As part of a New York Sea Grant (NYSG) teach-the-teachers project, the educators from Illinois, Minnesota, New York, Ohio and Pennsylvania worked alongside Dr. Gregory Boyer, chair of the ESF Department of
Chemistry and director of the Great Lakes Research Consortium; Dr. John Farrell, director of ESF's Thousand Islands Biological Station; EPA scientists; and Dr.
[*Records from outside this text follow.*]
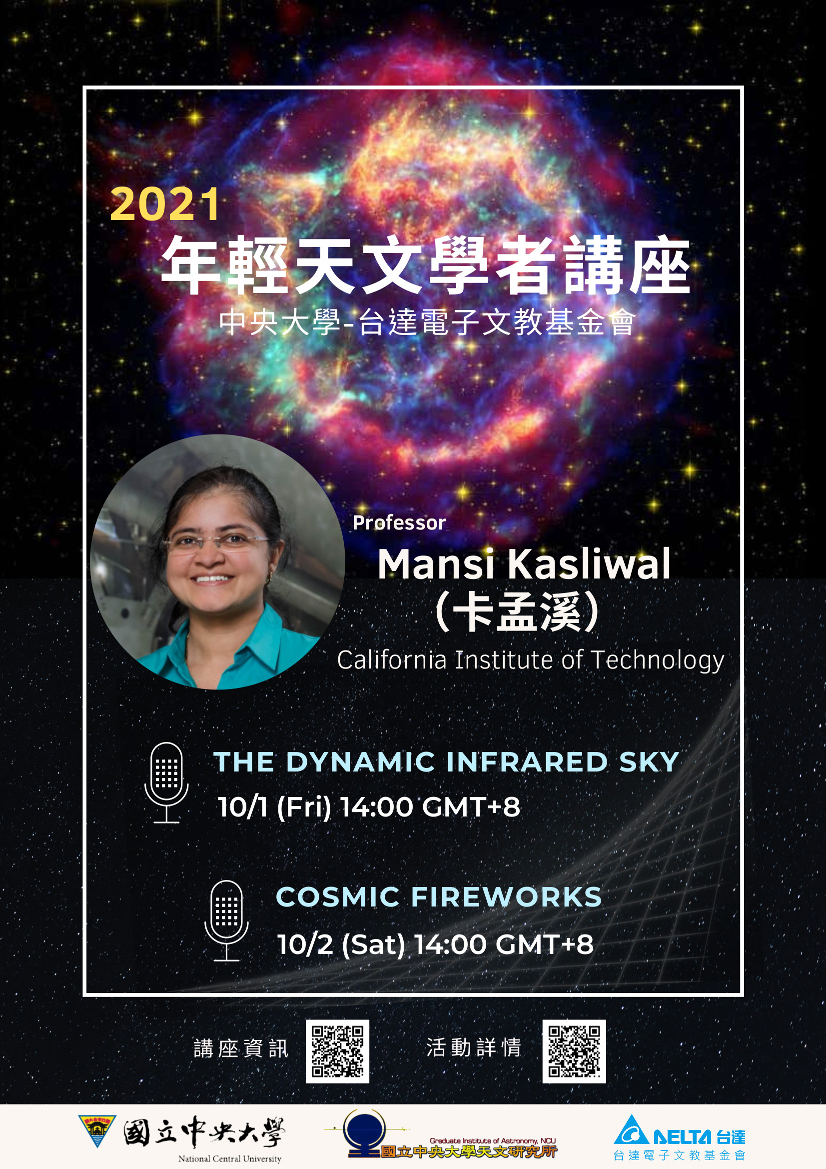 Kasliwal 教授將發表兩場網路即時演講:(1)學術演講在 10月 1日(週五)下午 2 點 講題為 “The dynamic infrared sky”,以紅外波段來研究宇宙天體與現象。另一場為(2)科普演講在 10月 2日 ((週六)下午 2 點, 講題為 “Cosmic Firework”,內容為太空中的劇烈爆發現象。
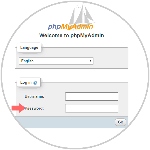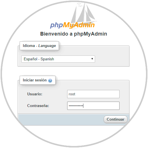 Allí podemos cambiar el idioma e iniciamos sesión con las credenciales del usuario MySQL: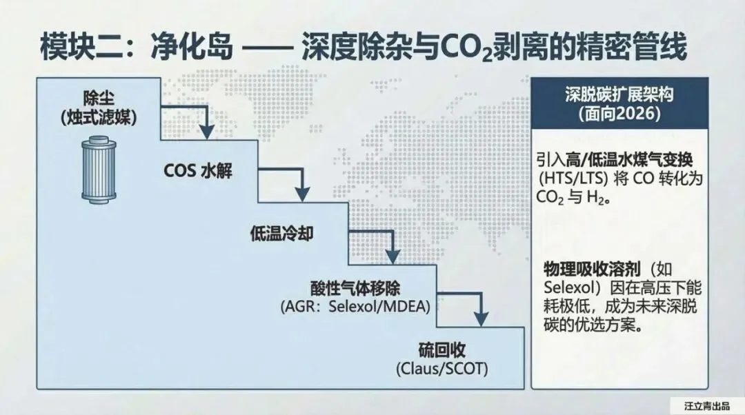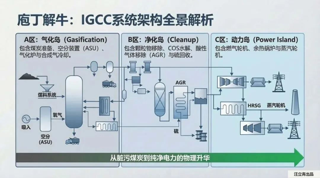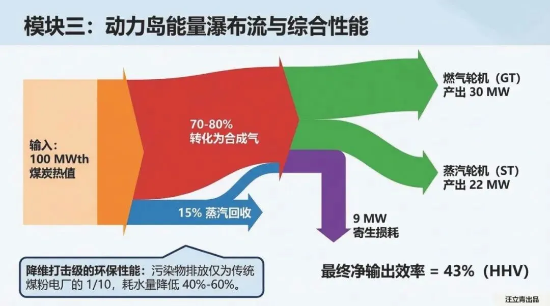 在重型化石能源体系中,基于煤/碳的整体煤气化联合循环(IGCC)构筑了核心压舱石。气化岛将煤炭在1000℃以上高温重构为合成气,配合动力岛能量瀑布流,最终净输出效率达43%。面对强力碳捕获政策,IGCC展现出降维级别的商业竞争力:引入90%碳捕集仅会导致系统效率小幅下降6%-10%,平均每吨CO2捕集成本被硬性锁定在20-30美元,远超传统电厂的改造经济性。

Michael Twiss of Clarkson University.

NYSG provided the teachers with a stipend to develop classroom curricula and stewardship projects with guidance from NYSG Coastal Education Specialist Helen Domske.

The seven-day Shipboard and Shoreline Science workshop has funding through the Great Lakes Restoration Initiative.

The Lake Guardian research vessel rotates through the Great Lakes on a five-year cycle.

During the Lake Ontario tour, the teachers assisted with collecting water and bottom sediment samples at numerous nearshore and offshore field stations including sites near Toronto, Rochester, Oswego, Clayton and the Thousand Islands Biological Station.

The Lake Guardian is the only self-contained non-polluting vessel on the Great Lakes.